Het geslacht Helleborus omvat ongeveer 20 soortendie voornamelijk in Europa en Klein-Azië voorkomen, waarvan twee soorten: rode nieskruid H. purpurascens en groene nieskruid H. viridis groeien ook in Polen . De meest gekweekte nieskruidsoort is de witte nieskruid H. niger, die onder andere groeit in naar onze westelijke en zuidelijke buren
Deze verrassende discrepantie in de Poolse en Latijnse namen (niger betekent zwart) komt voort uit het feit dat de Latijnse naam komt van de zeer donkere wortels van deze planten, terwijl de Poolse naam komt van de kleur van de bloemen. Deze naam komt echter niet helemaal overeen met de werkelijkheid, omdat de nieskruidbloemen van kleur veranderen met de leeftijd. Ze zijn eerst wit, aan het einde van de bloei roze en na de bloei groen. De groene kleur van de bloemen geeft duidelijk aan dat de charme van de bloemen niet de bloembladen zijn, maar de uitgebreide kelkblaadjes van de kelk.Hierdoor blijven de bloemen ook na de bloei nog lang decoratief. Een mooie achtergrond voor hen zijn opzichtige donkergroene en glanzende bladeren.

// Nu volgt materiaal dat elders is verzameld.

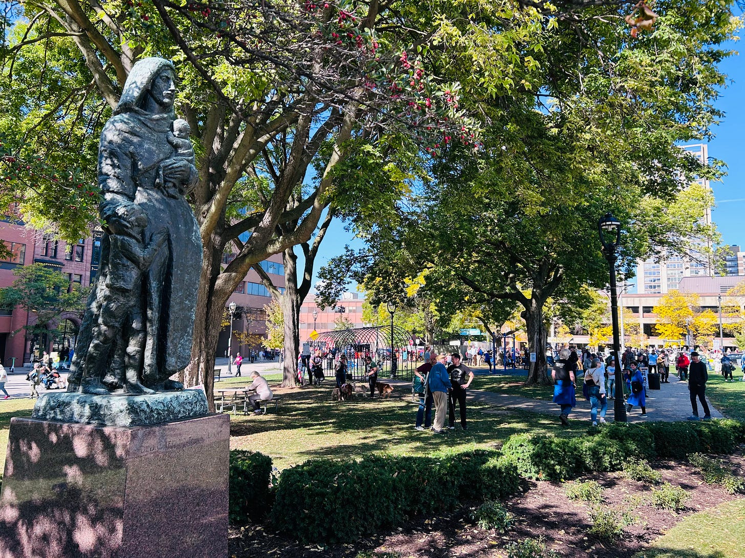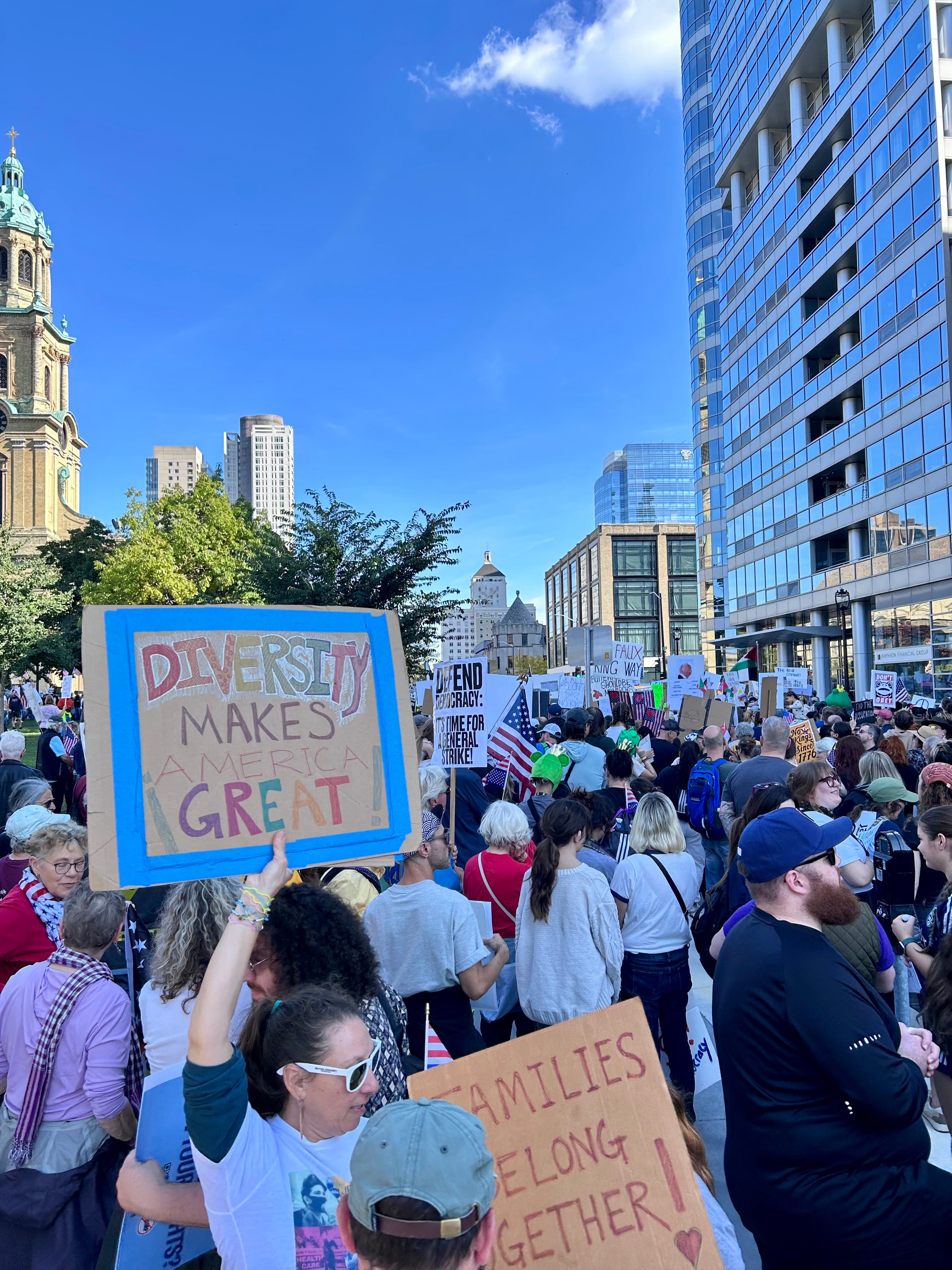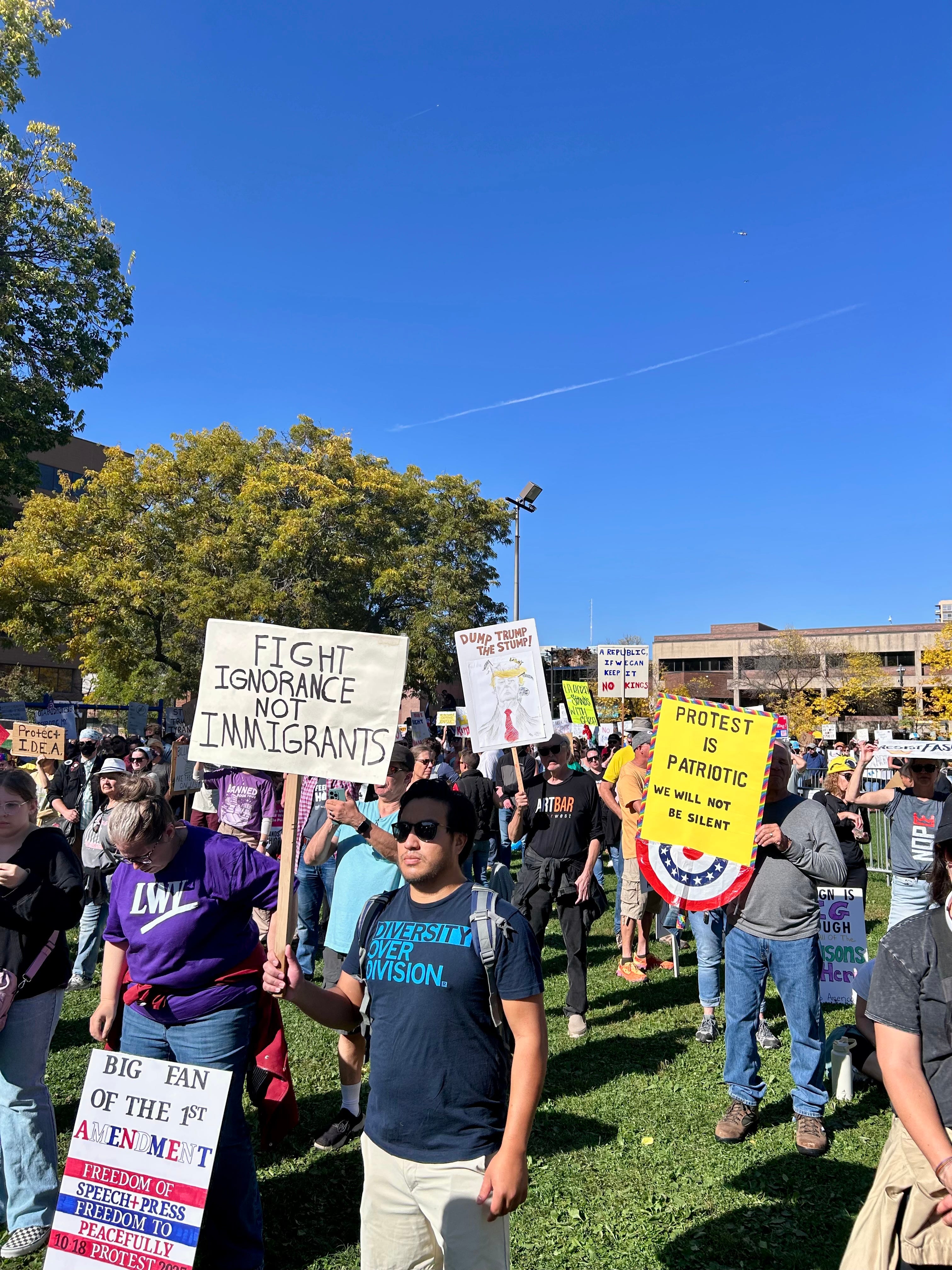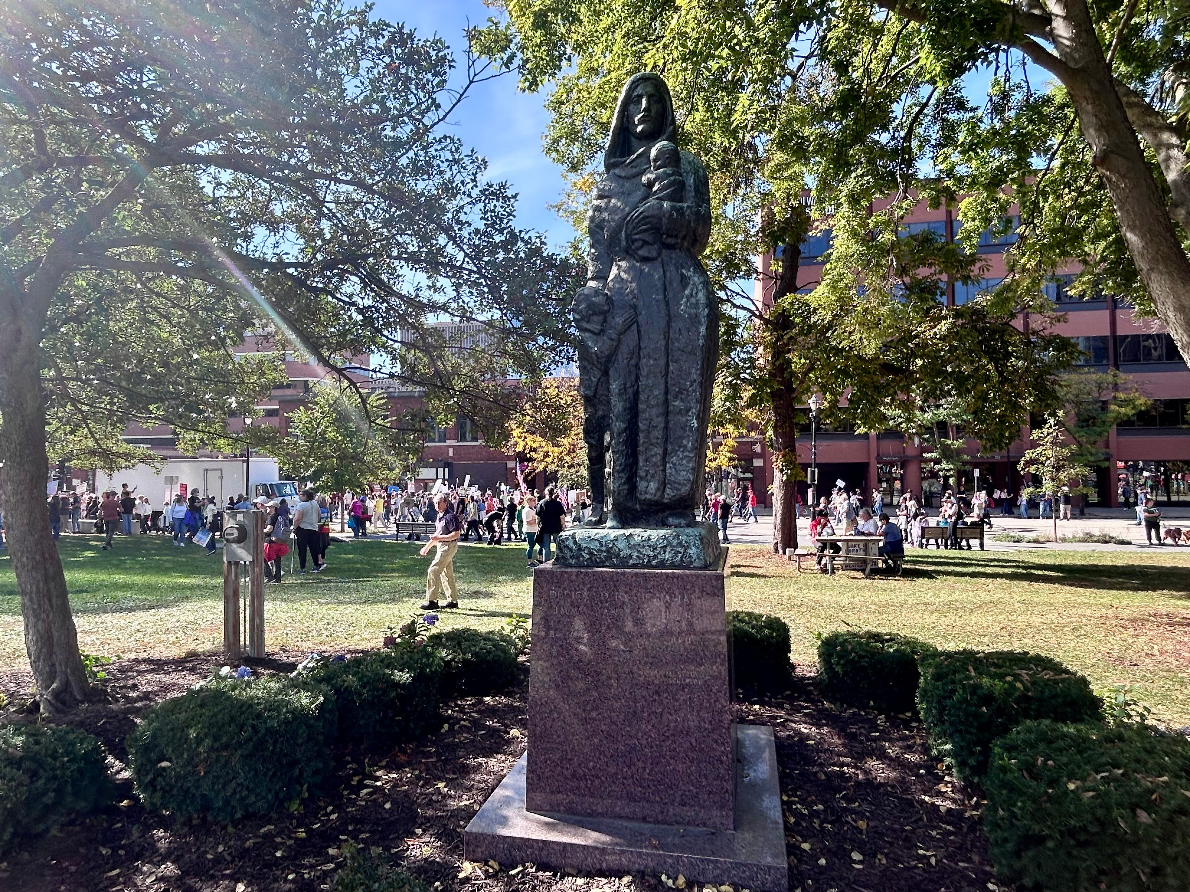 There’s a statue of a woman in Cathedral Square Park with an inscription that reads “DEDICATED TO THE VALIANT IMMIGRANT MOTHERS.” Perhaps it’s fitting then that this is the location where the Oct. 18 “No Kings” protest was held in the city of Milwaukee.

Bloemen beginnen in de herfst en kunnen bloeien in november(in Polen, meestal rond februari en maart). Dit feit wordt gebruikt om bloeiende planten in potten te produceren. Afhankelijk van de variëteit worden planten geproduceerd voor de herfst, winter of lente (ze worden vaak verkocht op Valentijnsdag) bloeidatum, maar het is de moeite waard om te weten dat planten, later gedreven, overvloediger bloeien.

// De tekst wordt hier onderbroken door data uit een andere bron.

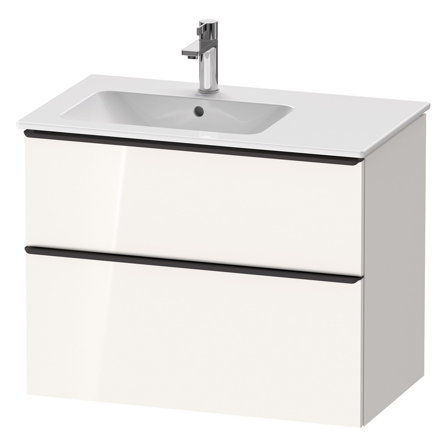 Duravit D-Neo Waschtischunterbau für Becken links 81 x 62,5 cm, 2 Auszüge, Griff diamantschwarz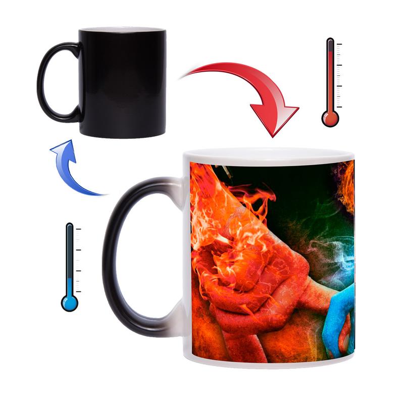 Чашка хамелеон - оригинальный подарок для Ваших друзей, коллег и близких людей. При наполнении кипятком, на чашке хамелеон проявляется красивая абстракция воды и огня. Данная чашка будет стильным подарком к любому празднику. Сделайте обычное чаепитие ярким и интересным с чашкой хамелеон!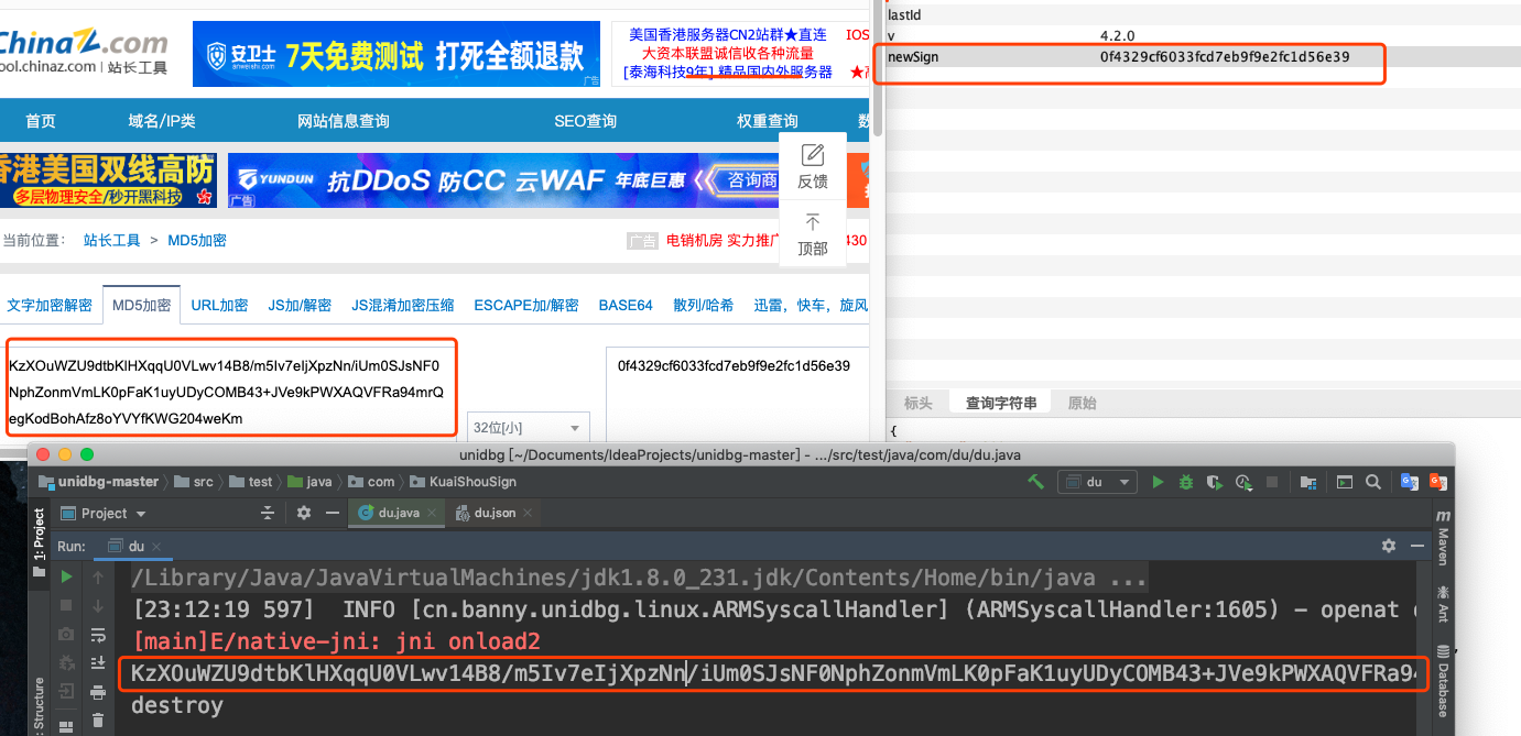 getByteValues 这个方法是毒获取的一个01字符串,并且在java层进行了处理,然后再传进encodeByte里面,encodeByte这个方法最后获取的其实并不是最终需要的,需要md5才是最后的newSign。可以验证一下下。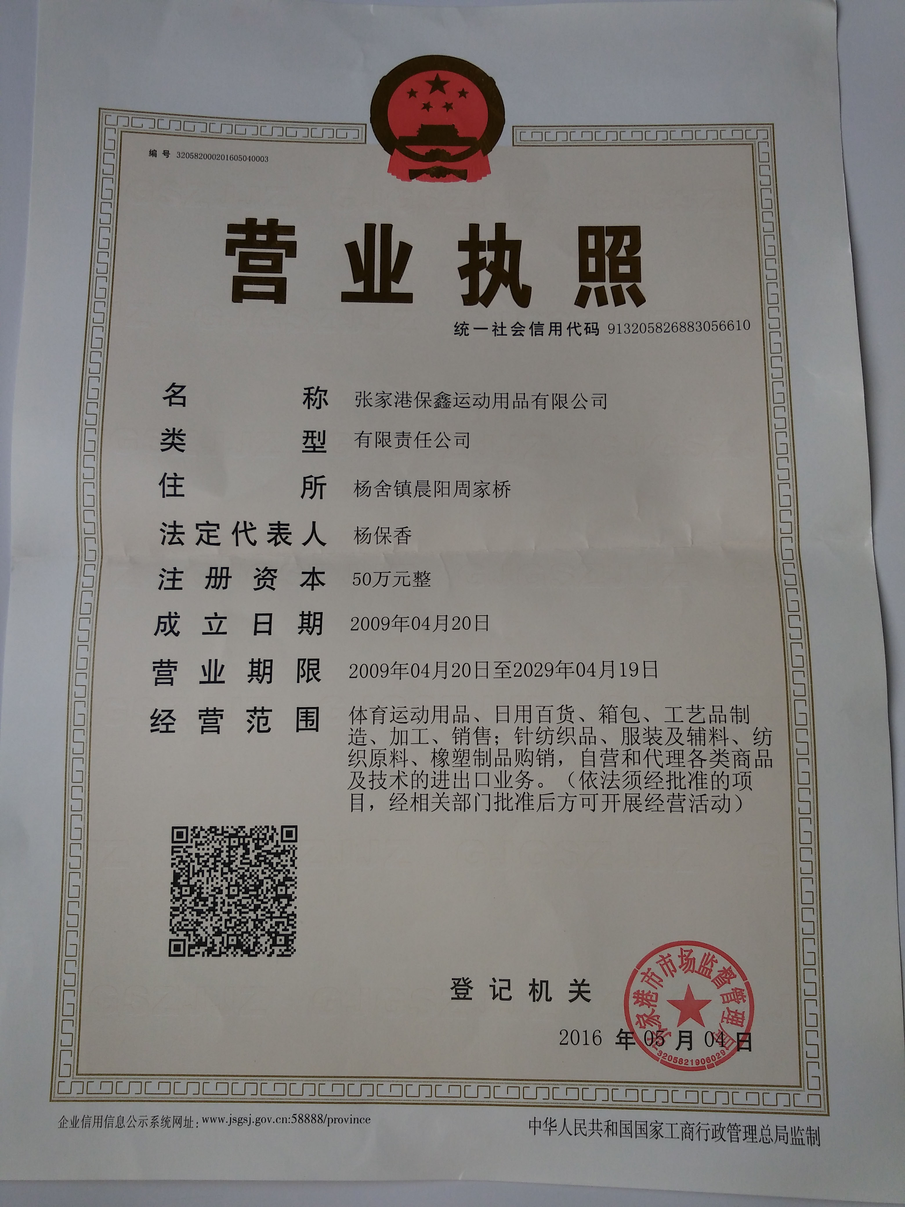 张家港保鑫运动用品有限公司

Voor de potteelt zijn de meest populaire soorten bloeiende soorten met bloemen die boven de bladeren uitsteken. Naast de witte nieskruid worden ook veel hybriden van de tuin-nieskruidsoort H. hybridus gebruikt voor de teelt in potten. De bloemen van deze nieskruid hebben een andere kleur - van wit, via roze, groenachtig tot bijna zwart en verschillende vullingsgraden (ze kunnen enkel, vol of halfdubbel zijn).Velen zijn versierd met contrasterende spikkels.

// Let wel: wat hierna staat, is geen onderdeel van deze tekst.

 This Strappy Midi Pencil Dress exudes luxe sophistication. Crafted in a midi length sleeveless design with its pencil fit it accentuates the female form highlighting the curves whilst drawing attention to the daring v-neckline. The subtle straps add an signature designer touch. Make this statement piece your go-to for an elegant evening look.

Helleborus zijn planten die zijn aangepast aan lage temperaturen. Afhankelijk van de variëteit hebben ze slechts 4 tot 12°C nodig om de bloei op te wekken. Als we een lange bloei willen, moeten we planten in koele kamers (tot 15 ° C) bewaren, uit de buurt van warmtebronnen (radiatoren, open haarden, kachels). Een lichte plek is goed voor ze, bijvoorbeeld op een vensterbank (maar niet boven een radiator). De planten mogen niet uitdrogen. Het substraat moet constant vochtig zijn, maar overtollig water moet kunnen weglopen. Met de juiste zorg kunnen we de planten houden
in goede staat tot het voorjaar, wanneer we ze in de tuin kunnen planten. Planten die lang in het appartement blijven, zijn hiervoor niet geschikt. Geborstelde planten zijn erg gevoelig voor temperaturen onder 0. Zet ze daarom niet buiten. Idealiter moeten ze worden verplaatst naar onverwarmde maar koele kamers (bij voorkeur een serre).